Vivian Tu, known as “Your Rich BFF,” believes that certain financial advice traditionally given to younger generations is often ignored by millennials and Gen Z. They see this advice as outdated, less effective, or no longer applicable in the modern era. One piece of advice that falls on deaf ears is getting a second job to pay down debt.
Debt burdens are common among younger generations, with Gen Z owing an average of $9,593 and millennials owing an average of $78,396. However, many younger workers feel this advice is unfeasible due to the high cost of living and current economic conditions. Inflation has significantly increased over the past 20 years, making living expenses much higher than for previous generations.
Another tip that is often dismissed is cutting out dining expenses entirely to save money.
Younger generations redefine financial advice
Millennials and Gen Z see dining out as one of their few pleasures and are reluctant to eliminate it completely.

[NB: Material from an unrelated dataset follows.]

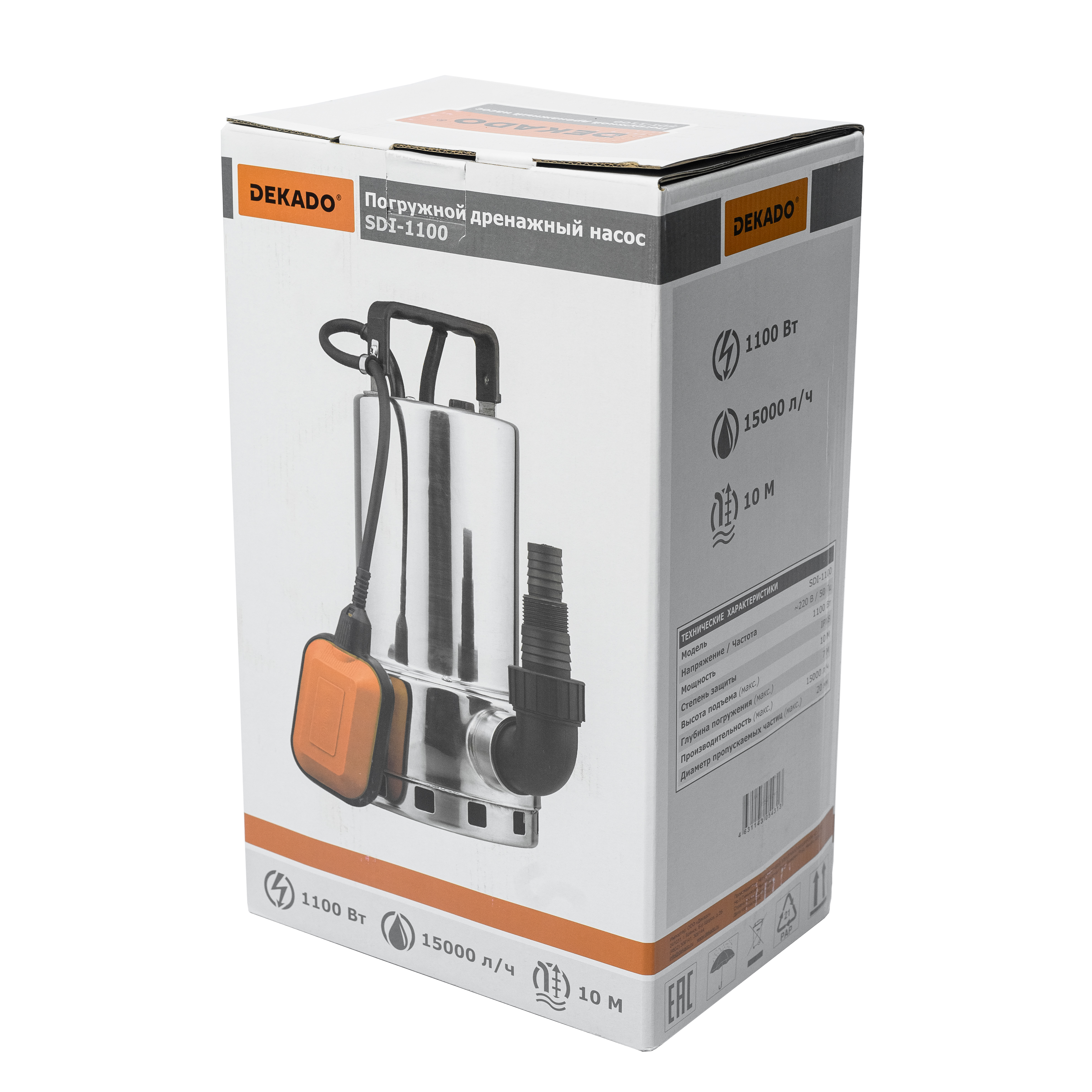 Кроме того, насос может применяться для орошения садов и огородов, подачи воды из колодцев, открытых водоемов и источников. SDI-1100 DEKADO имеет металлический вал электродвигателя с алюминиевой обмоткой заключенный в корпус из нержавеющей стали. Насос предназначен только для бытового использования.

The average person spends nearly $4,000 annually on dining out, but younger generations prefer to budget for it as a way to balance financial responsibilities and personal enjoyment. The idea of staying loyal to one employer is also less resonant with younger generations. Tu says, “Being loyal doesn’t pay.” Many younger workers believe changing jobs can lead to better financial opportunities and career growth compared to staying with one employer long-term.
The perception of debt is evolving among millennials and Gen Z as well. Tu notes, “When we lend money to poor people, we call it debt; when we lend money to rich people, we call it leverage.” Debt is increasingly seen as a financial tool rather than inherently good or bad. When properly managed, it can help individuals achieve significant milestones like homeownership or business expansion.
The focus is on strategically taking on and repaying debt to achieve financial goals, rather than avoiding it altogether.